What is coaching?
The International Coaching Federation, (ICF), defines professional coaching as partnering with clients in a thought-provoking and creative process that inspires them to maximize their personal and professional potential, which is particularly important in today’s uncertain and complex environment. Coaches honor the client as the expert in his or her life and work and believe every client is creative, resourceful and whole. Standing on this foundation, the coach’s responsibility is to:
- Discover, clarify, and align with what the client wants to achieve
- Encourage client self-discovery
- Elicit client-generated solutions and strategies
- Hold the client responsible and accountable
This process helps clients dramatically improve their outlook on work and life, while improving their leadership skills and unlocking their potential.
How does the coaching process work?
I provide all potential clients with an exploratory session (either in person in the Boston area or via phone) to learn more about what the client is hoping to achieve through coaching, to share what I can offer through a coaching relationship and to see if we are a good fit. Because coaching is all about partnership, it’s important to find the right coach for you. I generally meet with clients weekly or bi-monthly for 60 minutes for 3- 6 months while working towards a particular goal or project in the client’s life. Between sessions, clients work on assignments to make progress on the goals we are working on together. I provide resources, frameworks, tools, reading recommendations and assessments as needed.
What are all those letters after your name?
A CPC is a Certified Professional Coach. I studied coaching at the Institute for Professional Excellence in Coaching (iPEC) – an accredited coach training program through the International Coach Federation (ICF).
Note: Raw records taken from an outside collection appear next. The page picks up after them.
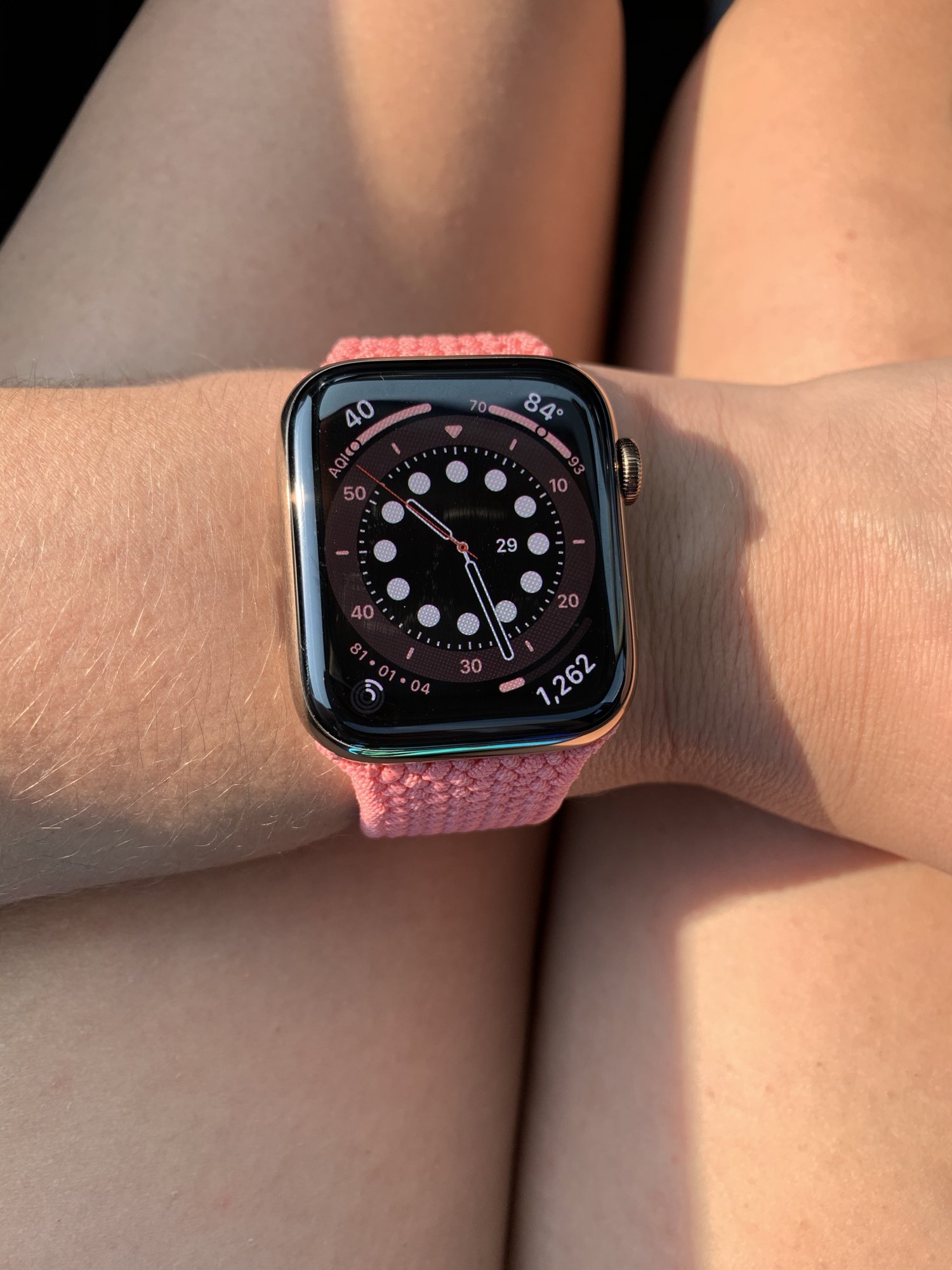Think it’s just the sunlight. It looks brighter in the sun and with certain bands, and when it blends into my warm skin tone it doesn’t look as dark either. I’m curious to see the new 6 gold!Was series 5 gold lighter than series 4 (which I have)? Or is it just being in bright sunlight?
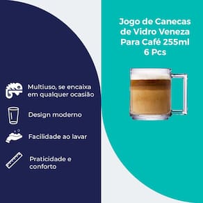 A charmosa Caneca de Vidro Veneza para Café 255ml é a escolha ideal para quem busca elegância e praticidade no momento de servir. Elaborada com vidro de alta qualidade, esta caneca é durável e possui um design sofisticado que valoriza a apresentação do seu café ou outras bebidas. Com capacidade de 255ml, é perfeita para diversas ocasiões, desde o café da manhã até reuniões especiais. Esta caneca de vidro oferece resistência e estilo, agregando encanto e funcionalidade ao seu dia a dia.
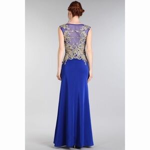 SEXY Gold Embroidery Royal Blue Dress 1556
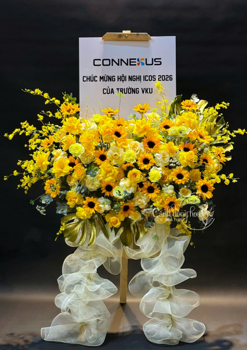 Kệ hoa được thiết kế chỉn chu, kết hợp những đóa hoa vàng tươi sáng, thay lời chúc khai trương hồng phát – làm ăn phát đạt – vạn sự như ý gửi đến gia chủ trong ngày mở cửa đón lộc.
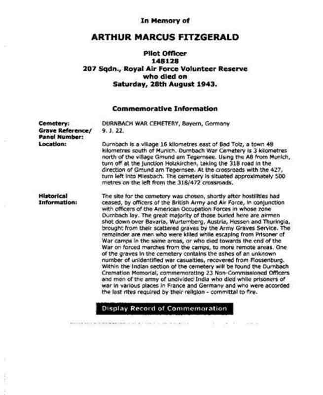 Arthur's grave in the Durnbach War Cemetery, Germany.
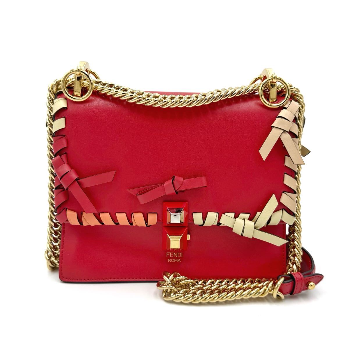 - フェンディ キャナイ ミニ チェーンショルダーバッグ 斜め掛け 肩掛け リボン
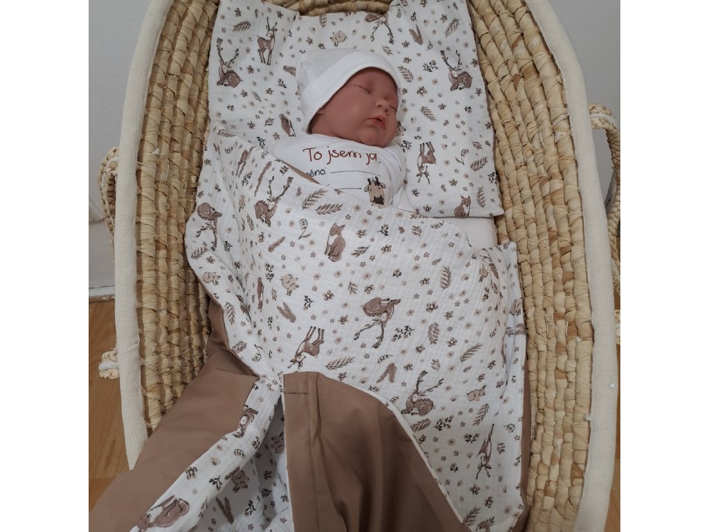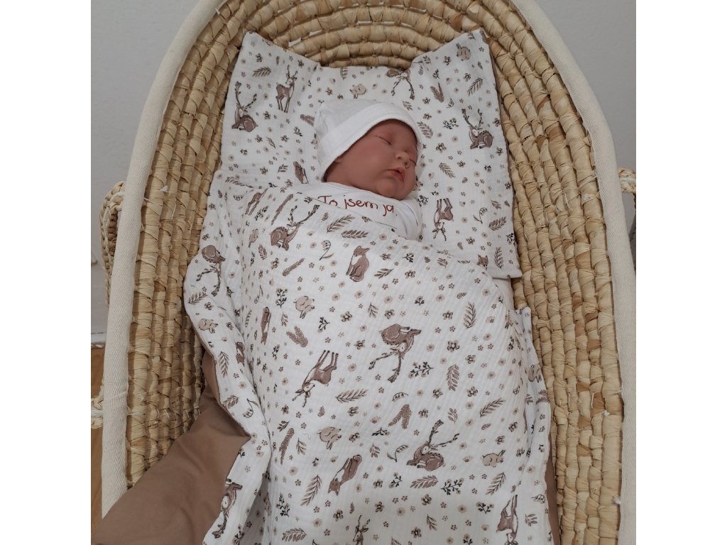 - Povlaky ze 100% hnědé bavlny a bavlněného mušelínu se zvířátky - zapínání na zip
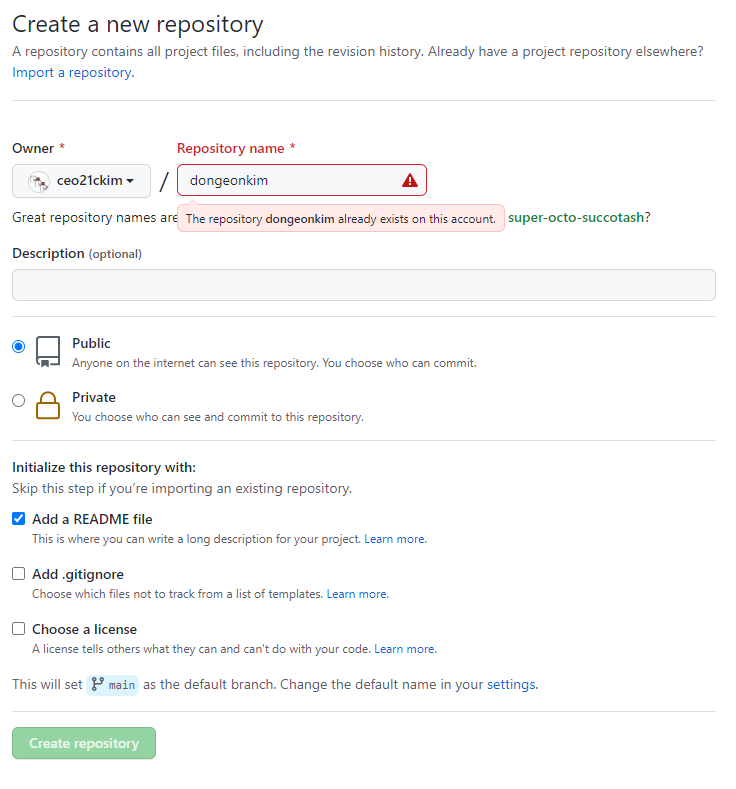 일단 github에 작성하기 위해서는 새로운 레파지토리를 생성해야 된다. 대부분의 경우 본인 이름을 레파지토리 이름으로 설정한다. 우리는 레파지토리 내에 READBE.md 라는 파일을 통하여 꾸미기 때문에 'Add a README.md file'을 체크해주자. 또한, Public을 체크해주어야지만 남들이 우리의 레파지토리를 볼 수 있다.
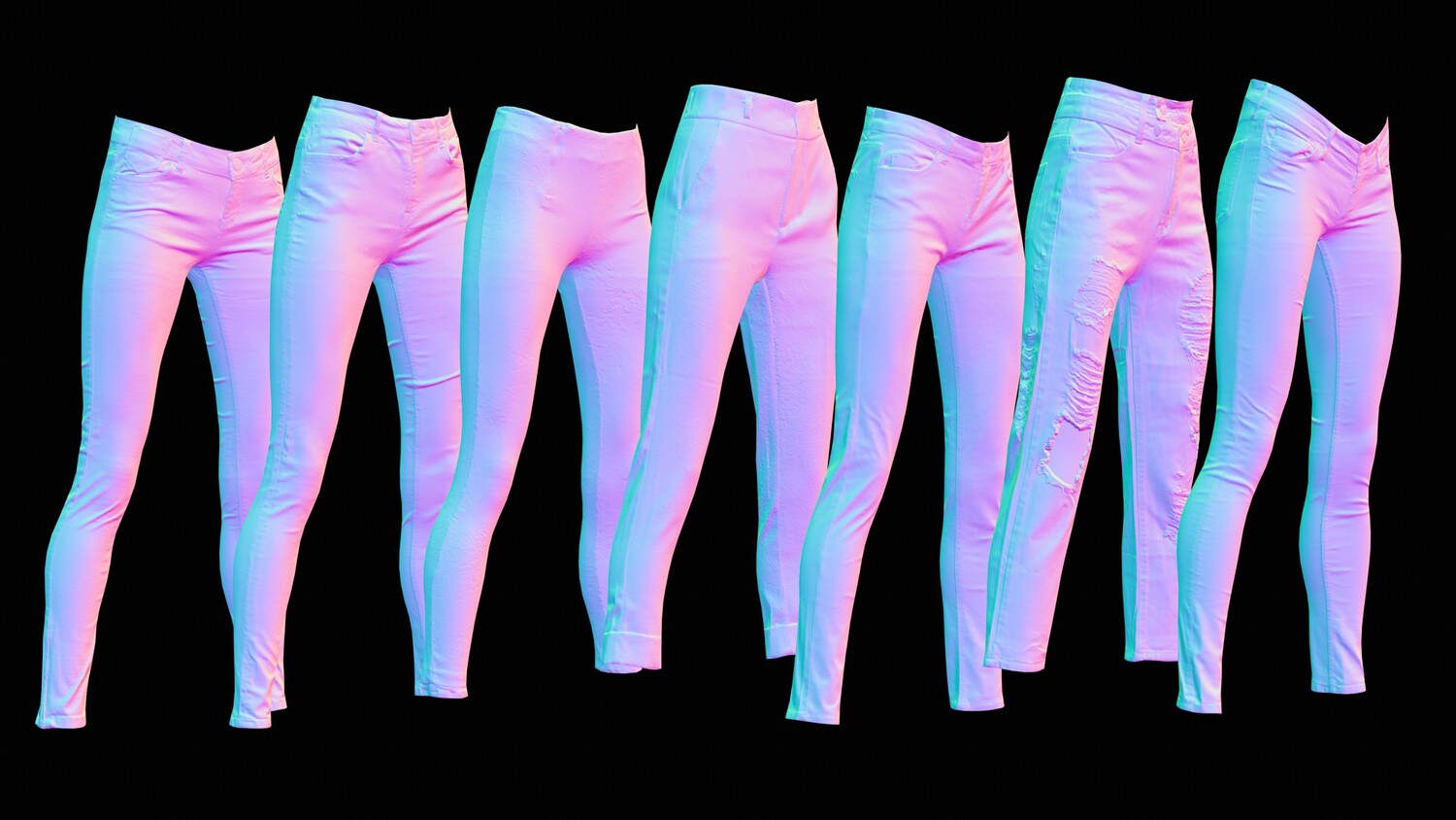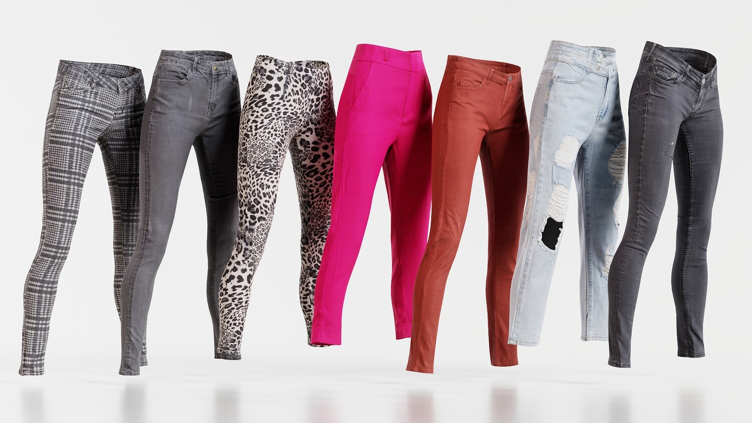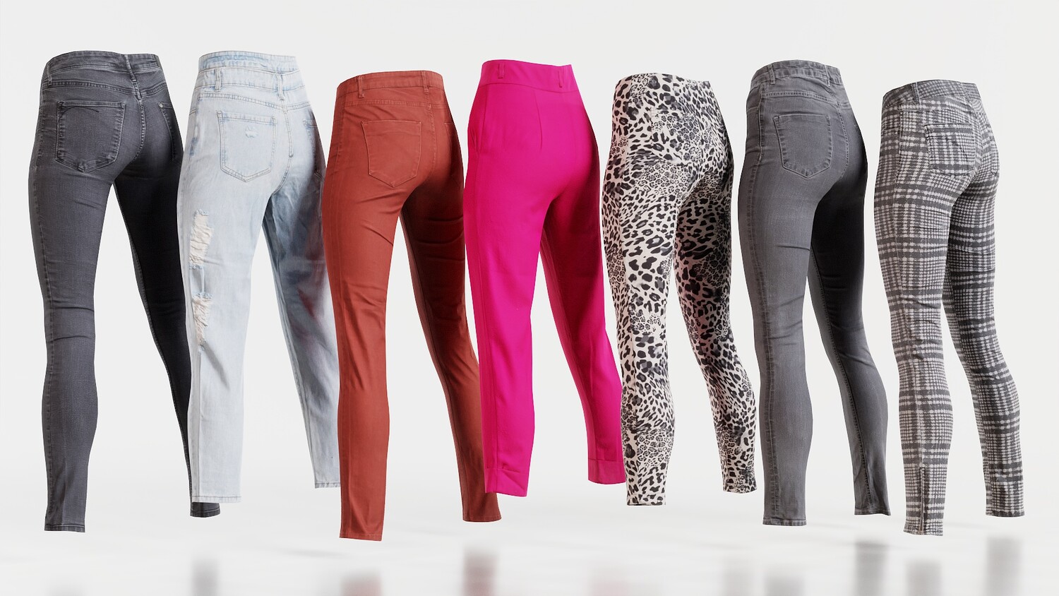 7 Realistic 3D Scanned Pants, various Brands:
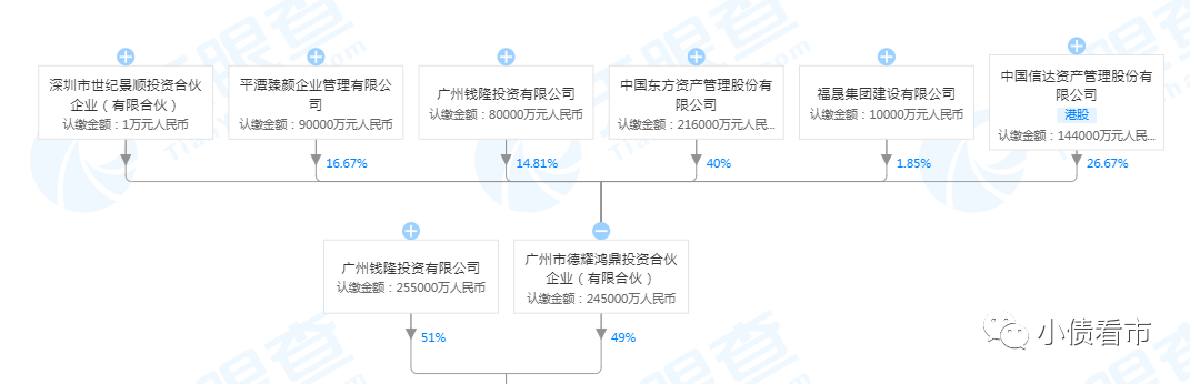 值得注意的是,福晟集團的第二大股東德耀鴻鼎,是為福晟集團紓困的資金平臺,各紓困方通過該平臺,幫助福晟解決債務問題,該平臺六位合伙人分別是東方資產、中國信達、平潭臻顏、錢隆投資、福晟集團建設及世紀景順。
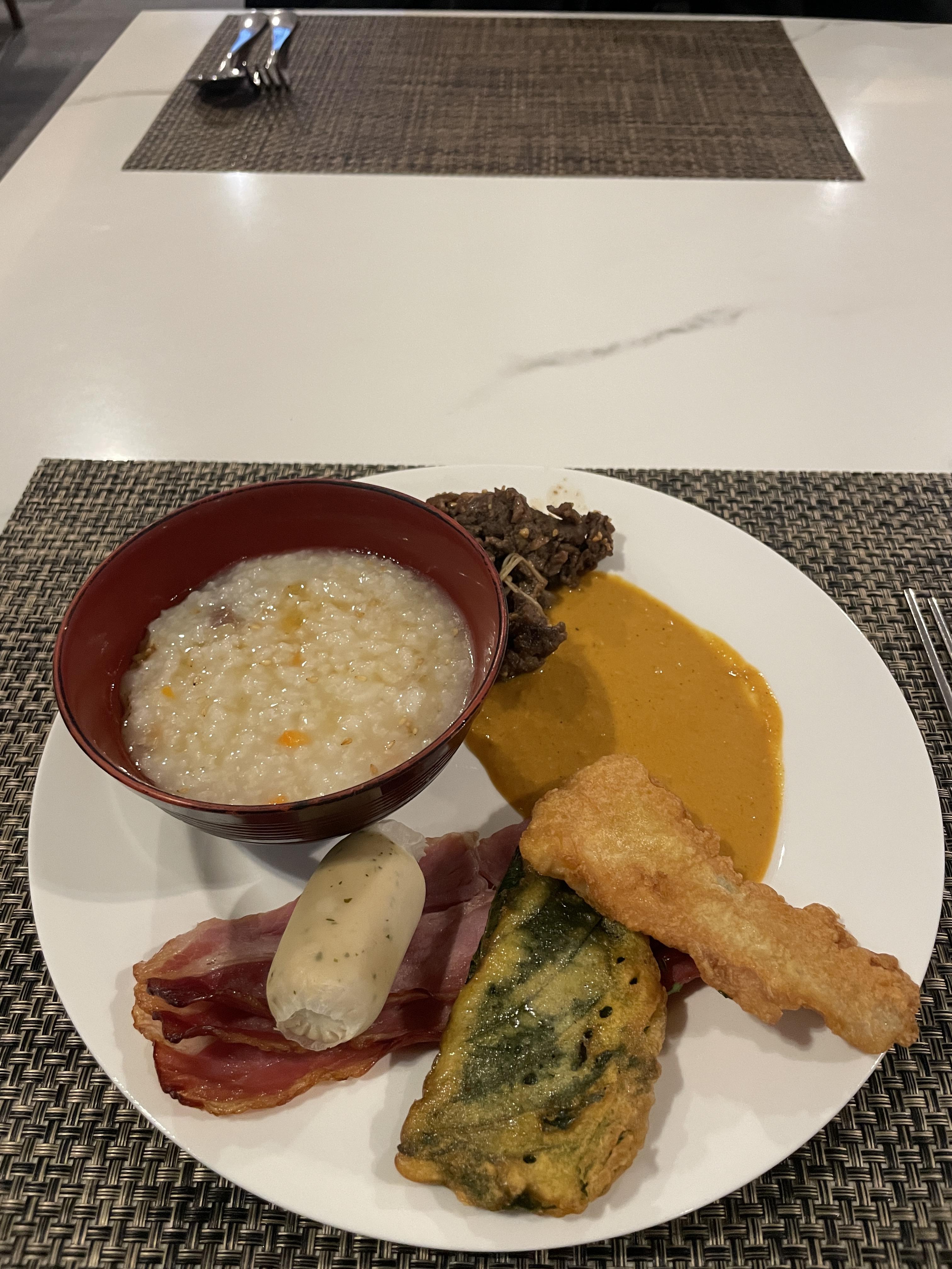 첫 접시, 한식과 양식, 인도식을 망라한 하이브리드 조식입니다~
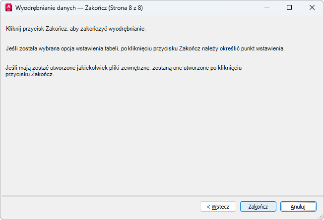 Tworzy tabelę wypełnianą wyodrębnionymi danymi. Po kliknięciu przycisku Zakończ na stronie Zakończ wyświetlany jest monit o wstawienie tabeli do bieżącego rysunku.
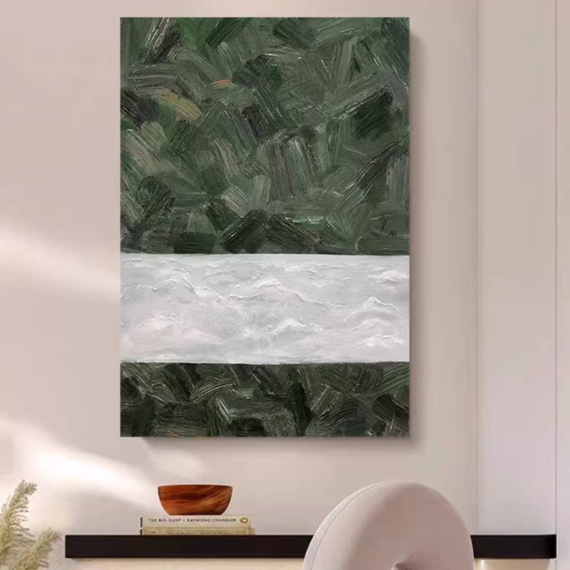 MHD手绘油画客厅沙发装饰画绿色抽象玄关画现代简约轻奢肌理挂画
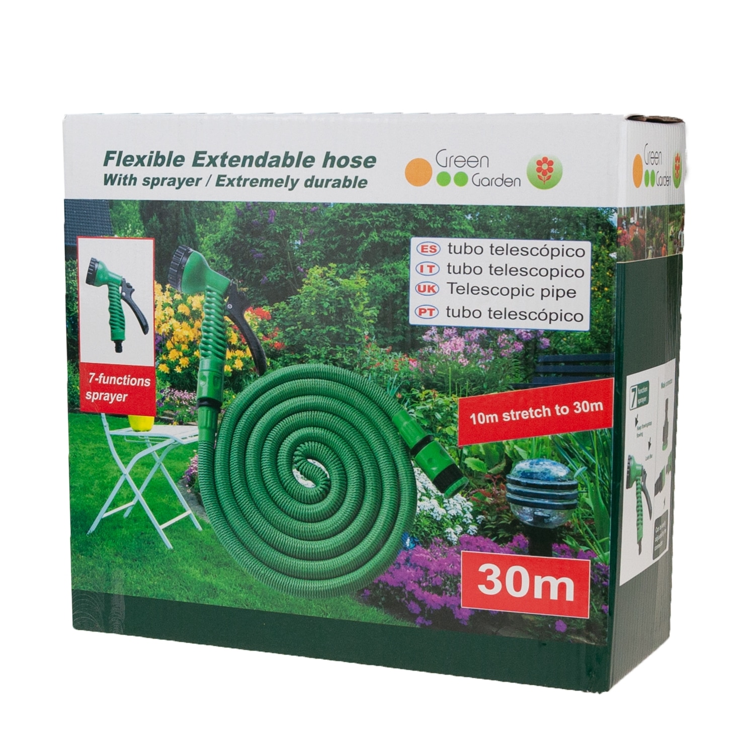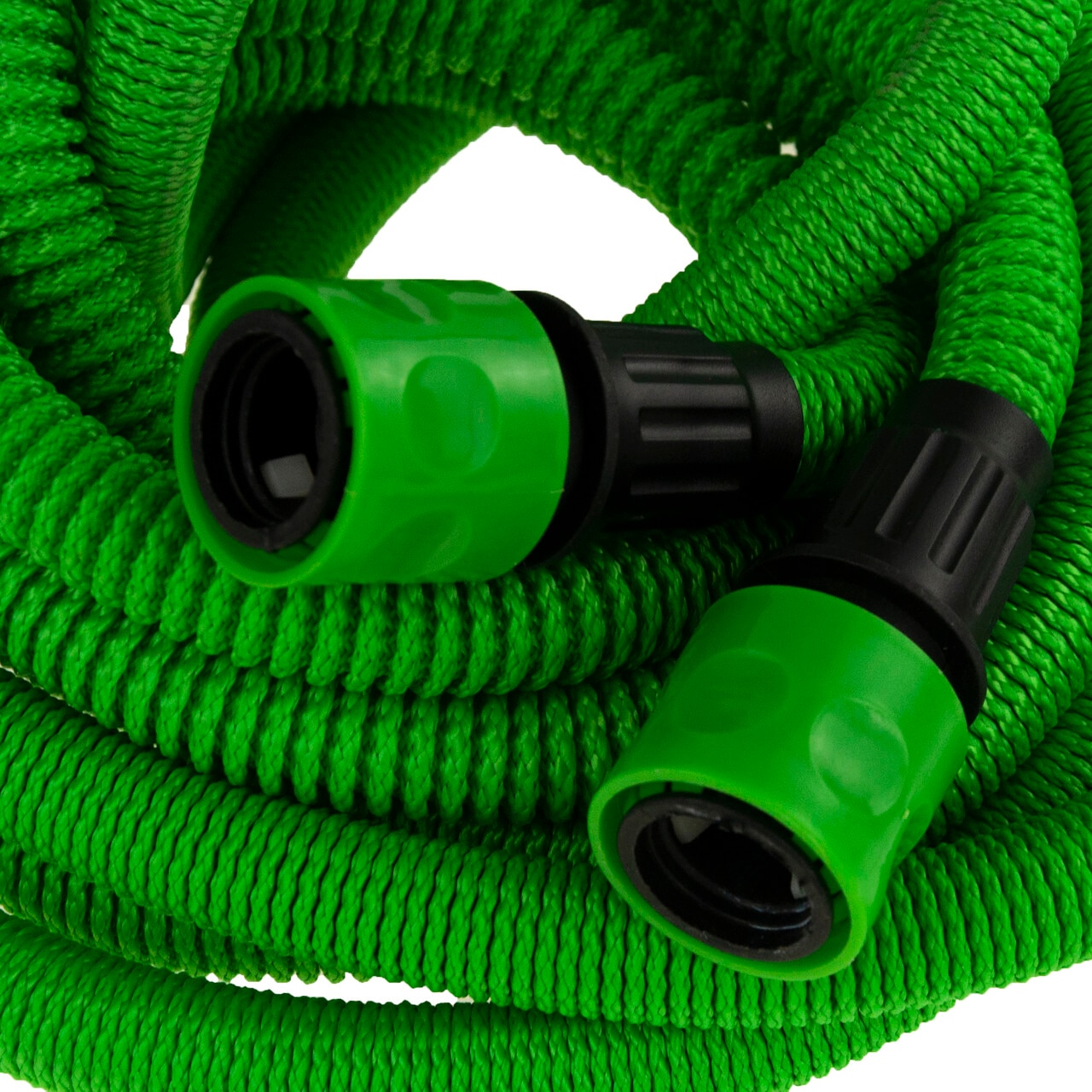 Furtun de gradinarit extensibil cu pistol de udare si racorduri 1/2" si 3/4", 10-30m, Verde

My training included over 300 hours of in person training as well as extensive peer and mentor coaching and concluded with an oral and written exam to receive certification.
PCC stands for Professional Certified Coach, which is the designation I received from the ICF in 2017. I completed 500 one-on-one coaching hours with clients and passed an extensive written exam. I am a member of the ICF, and am committed to upholding all coaching standards and ethics with integrity and confidentiality.
How is coaching distinct from other service professions?
Professional coaching focuses on setting goals, creating outcomes and managing personal change. Sometimes it’s helpful to understand coaching by distinguishing it from other personal or organizational support professions. Here is some clarification as explained by the ICF.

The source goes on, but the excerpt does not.